You would not normally run 50W oil unless the engine clearances have been increased and require this heavy viscosity oil. A good VW 505.01 5W-40 oil should serve you well and reduce wear on cold start-up.


----------



## AudiJunkie (Jun 19, 2009)

Operating visc is dependent on the oil temp. It seems like you are exceeding the +100c temp which the SAE 40 label visc is measured at. This heating thins the oil and reduces the pressure, triggering your light. You can use a thicker oil to compensate for the thinning from excess heat.

Do you have an OT gauge? At +120c the oil is getting thinner than the 9cSt you need to protect the engine. Look over these charts and compare to your actual oil temp. 9-10cSt running visc is ideal. 

(40 weight is 12-14cSt at +100c, 50 weight is >15cSt at +100c)
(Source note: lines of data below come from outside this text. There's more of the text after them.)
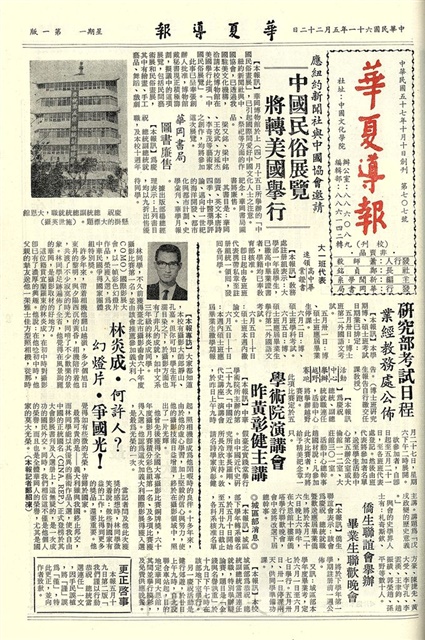 應紐約新聞社與中國協會邀請,華岡書局 圖書廉售,大一班代表 速領高中畢業證書,研究部考試日程 業經教務處公佈,活動中心舉辦越野賽跑,學術院演講會 昨黃彰健主講,僑生聯誼會舉辦 畢業生聯歡晚會,城區部消息,林炎成‧何許人? 幻燈片‧爭國光!,戲劇系的十年,最高樓大恩館,芝麻街,他高高的個子留戀著華岡,科學藝術與攝影,哈哈樂園,想一想,恭祝 總統五次連任就職 本校趙廣暉教官特為金石,學者、研究者、創業者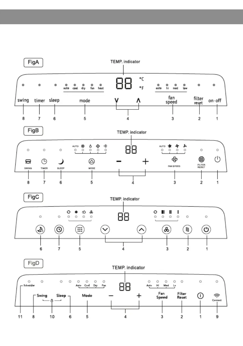There are four kinds of control panels, Fig A, Fig B, Fig C, and Fig D.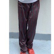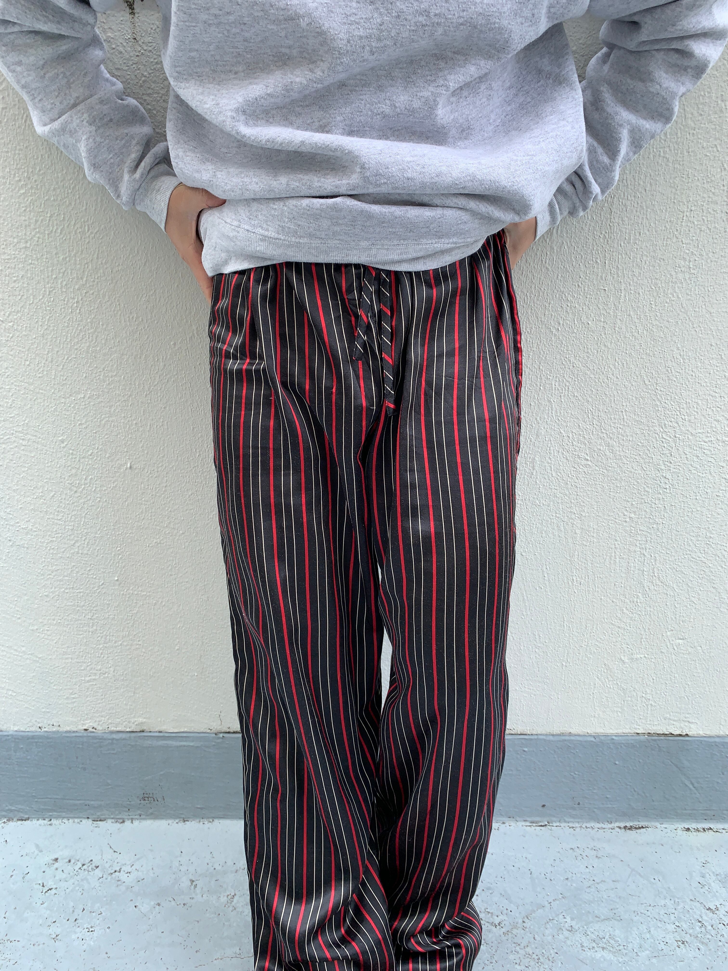 ビビッドな赤が引き立つサテン地のストライプ☻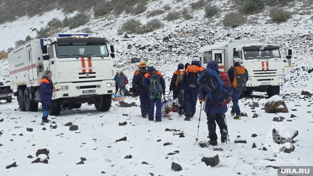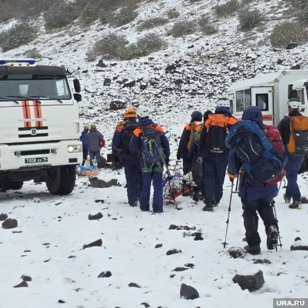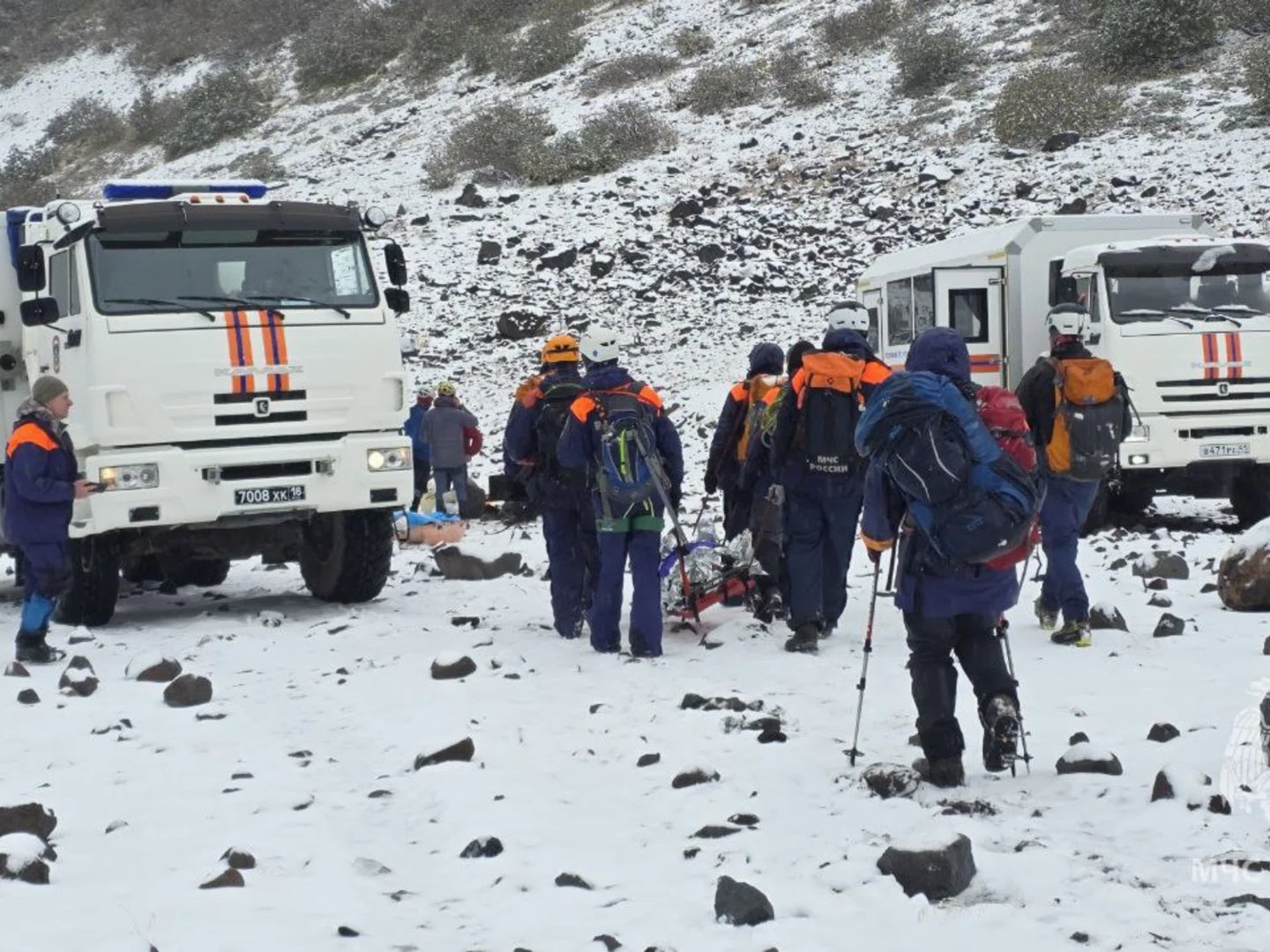 Опубликованы кадры с операцию по спасению туристов, сорвавшихся при восхождении на Вилючинский вулканФото: telegram-канал ГУ МЧС России по Камчатскому краю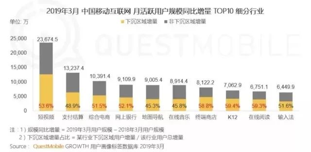 在用户增长方面,全国每月活跃用户增长前 10 的行业中,前 6 个行业的新增用户中有一半左右来自三线或三线以下城市。以短视频行业为例,过去一年里来自三线或三线以下城市新增用户的比例为 46.4%。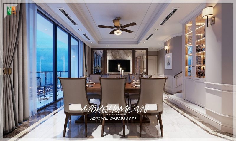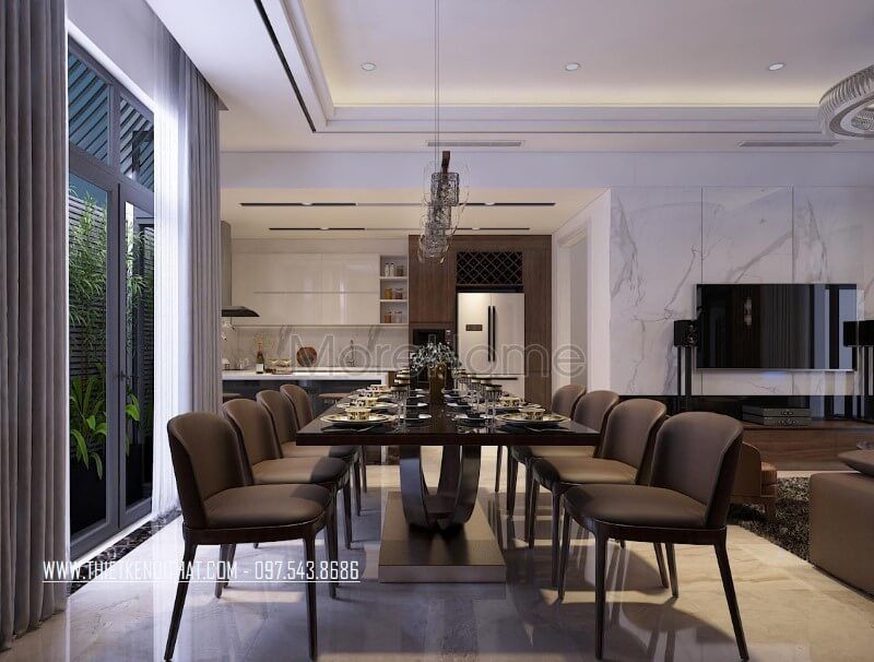 Mãn nhãn với thiết kế bộ bàn ghế ăn gỗ tự nhiên bọc nỉ cao cấp, nó góp phần tôn lên vẻ đẹp tân cổ điển xa hoa sang trọng của phòng ăn trong căn biệt thự cao cấp.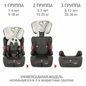 Группа: 1/2/3 (9-36 кг) • Крепление: трехточечными ремнями • Внутренние ремни: пятиточечные, съемные • Размеры: 43x69x54 см • Регулировка наклона спинки: есть, 3 положения • Боковая поддержка: есть • Зажимы для фиксации внешнего ремня: есть • Регулировка высоты внутренних ремней: есть, 3 уровня • Регулировка высоты подголовника: есть, 6 уровней • Материал каркаса: пластик • Вес: 4.7 кг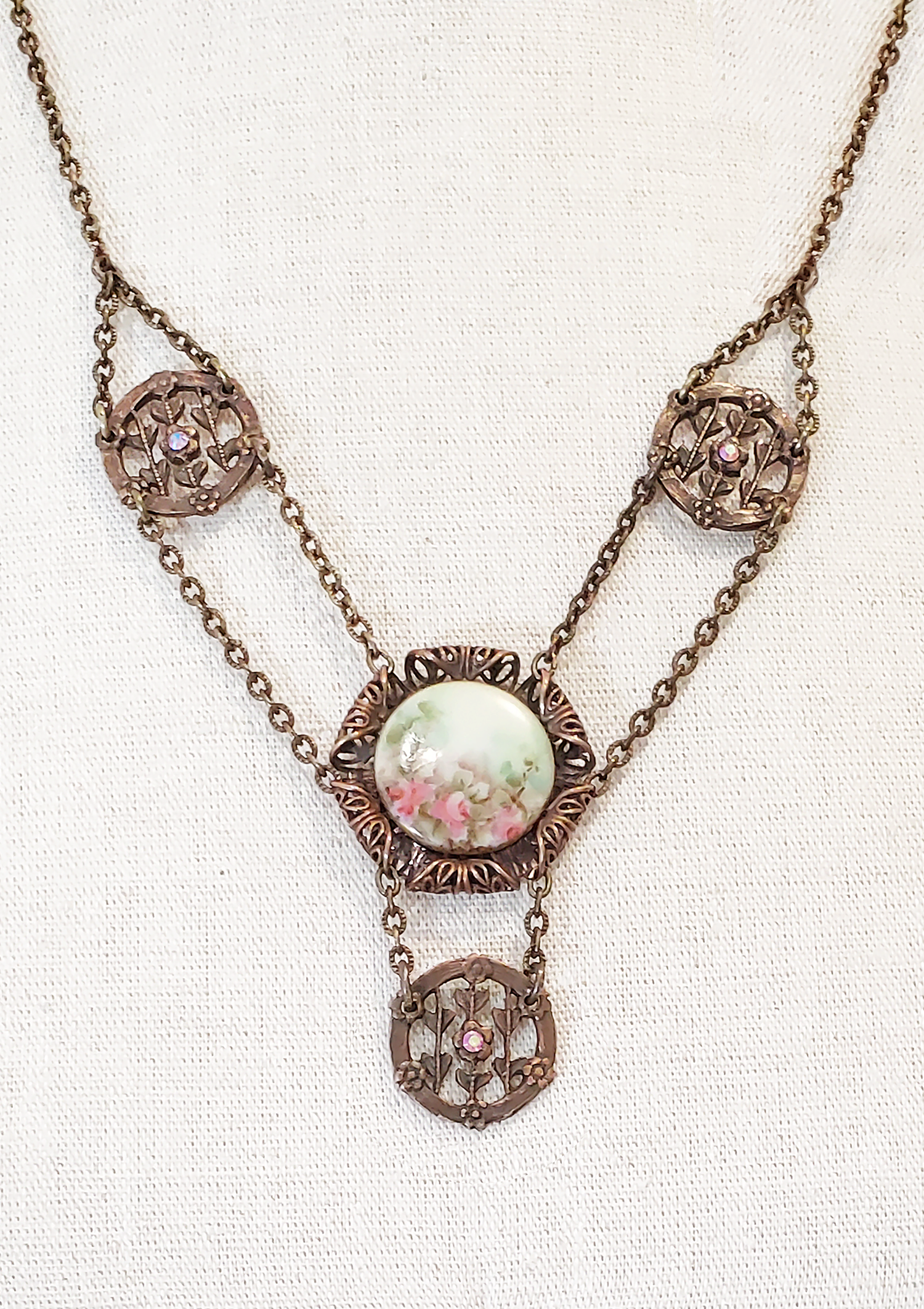 One beautiful antique button set in an a patina brass filigree setting is joined to detailed and old brass settings by a vintage pin stripe chain. Definitely a nod to the past (because if the shoe fits...). Tiny vintage Swarovski AB crystals add punctuation.

http://www.widman.biz/English/Calculators/Graph.html

SynPower 20w-50 is a good 50, so is Syntec 5w-50. Valvoline has a Racing Synthetic in 20w-50, but you could use the Valvoline VR1 dino, a great product. In a 40 weight, I say to check out Mobil 1 10w-40 HIGH MILES.


----------



## gmikel (Nov 10, 2010)

AudiJunkie said:


> Operating visc is dependent on the oil temp. It seems like you are exceeding the +100c temp which the SAE 40 label visc is measured at. This heating thins the oil and reduces the pressure, triggering your light. You can use a thicker oil to compensate for the thinning from excess heat.
> 
> Do you have an OT gauge? At +120c the oil is getting thinner than the 9cSt you need to protect the engine. Look over these charts and compare to your actual oil temp. 9-10cSt running visc is ideal.
> 
> ...


 you need an oil change


----------